To run the aforementioned Java project, it is obvious that we need to have access to the following sources:

  • Drugbank (to download the latest XML file)
  • TTD (to download the drugs' information file in raw format)
  • Entrez Programming Utilities (E-utilities) API (query PUG for PubChem ids and obtain a token to query for a TGT and an API key)
  • KEGG (to download the KEGG drug file)
  • UniChem API (to query for ChEMBL ids)
  • DrugBank-Sider_mapping files (to query for STITCH ids) and also include needed jar libraries in the CLASSPATH.

References

[1]: Wishart, D. S., Knox, C., Guo, A. C., Shrivastava, S., Hassanali, M., Stothard, P., ... & Woolsey, J. (2006). DrugBank: a comprehensive resource for in silico drug discovery and exploration. Nucleic acids research, 34(suppl_1), D668-D672.

[2]: Y. X. Wang, S. Zhang, F. C. Li, Y. Zhou, Y. Zhang, R. Y. Zhang, J. Zhu, Y. X. Ren, Y. Tan, C. Qin, Y. H. Li, X. X. Li, Y. Z. Chen* and F. Zhu*. Therapeutic Target Database 2020: enriched resource for facilitating research and early development of targeted therapeutics. Nucleic Acids Research. 48(D1): D1031-D1041 (2020). PubMed ID: 31691823

[3]: Mendez, D., Gaulton, A., Bento, A. P., Chambers, J., De Veij, M., Félix, E., ... & Leach, A. R. (2019). ChEMBL: towards direct deposition of bioassay data. Nucleic acids research, 47(D1), D930-D940.

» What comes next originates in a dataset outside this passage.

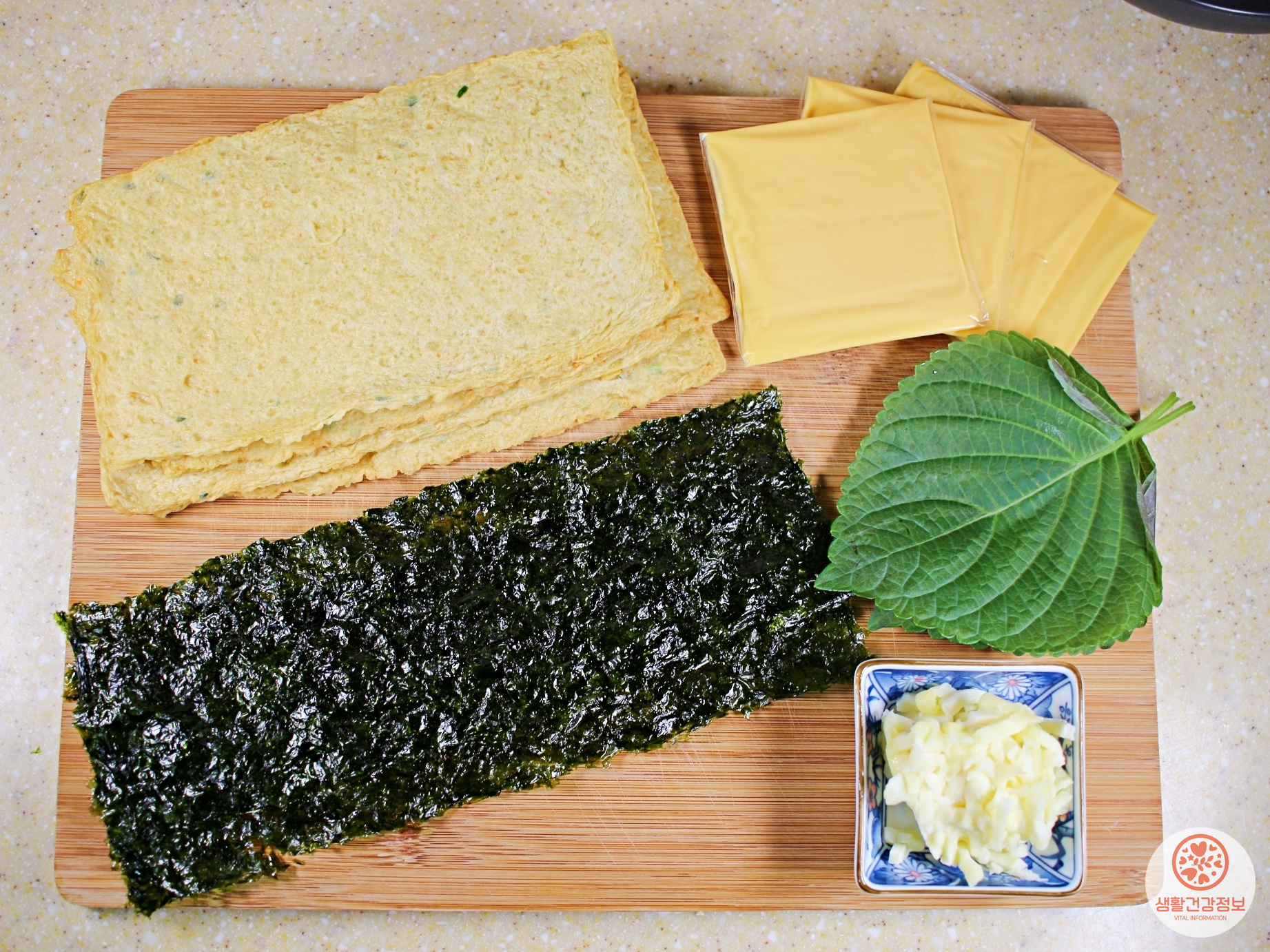 재료는 사각어묵, 치즈, 김, 깻잎 준비했어요.

[4]: Davies, M., Nowotka, M., Papadatos, G., Dedman, N., Gaulton, A., Atkinson, F., ... & Overington, J. P. (2015). ChEMBL web services: streamlining access to drug discovery data and utilities. Nucleic acids research, 43(W1), W612-W620.

[5]: Kim, S., Thiessen, P. A., Cheng, T., Yu, B., & Bolton, E. E. (2018). An update on PUG-REST: RESTful interface for programmatic access to PubChem. Nucleic acids research, 46(W1), W563-W570.

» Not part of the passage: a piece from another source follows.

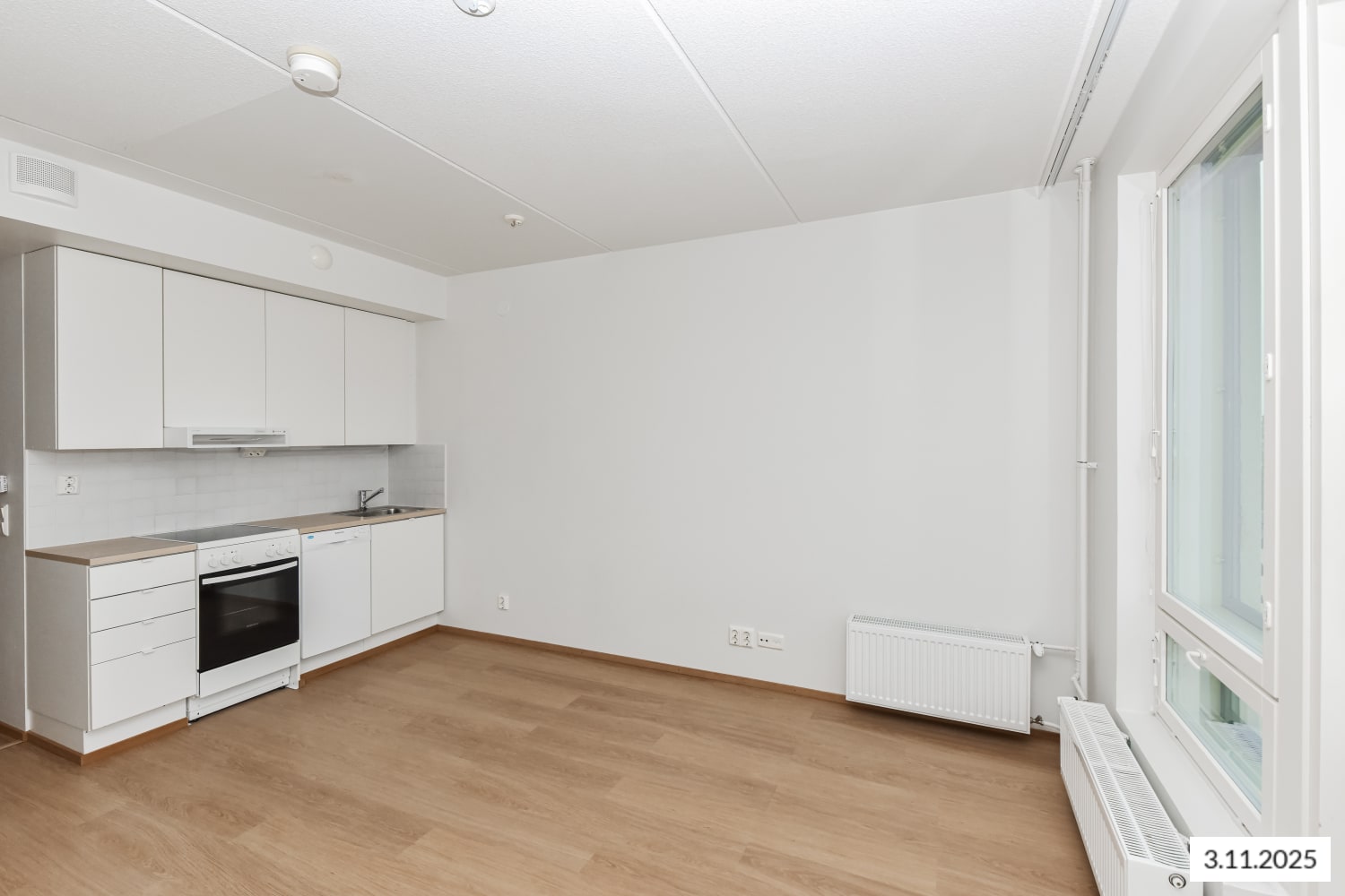 The doors of the kitchen cabinets are in crisp white, and the space between the upper and lower cabinets is tiled with white tiles. The worktop is oak-toned laminate, matching the floor's shade. The equipment includes a ceramic stove, dishwasher, and refrigeration appliances.

[6]: Kanehisa, M., & Goto, S. (2000). KEGG: kyoto encyclopedia of genes and genomes. Nucleic acids research, 28(1), 27-30.

[7]: Kanehisa, M. (2019). Toward understanding the origin and evolution of cellular organisms. Protein Science, 28(11), 1947-1951.

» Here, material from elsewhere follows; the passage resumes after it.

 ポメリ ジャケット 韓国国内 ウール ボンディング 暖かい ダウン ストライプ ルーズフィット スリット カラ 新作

[8]: Kanehisa, M., Furumichi, M., Sato, Y., Ishiguro-Watanabe, M., & Tanabe, M. (2021). KEGG: integrating viruses and cellular organisms. Nucleic acids research, 49(D1), D545-D551.

[9]: Bodenreider, O. (2004). The unified medical language system (UMLS): integrating biomedical terminology. Nucleic acids research, 32(suppl_1), D267-D270.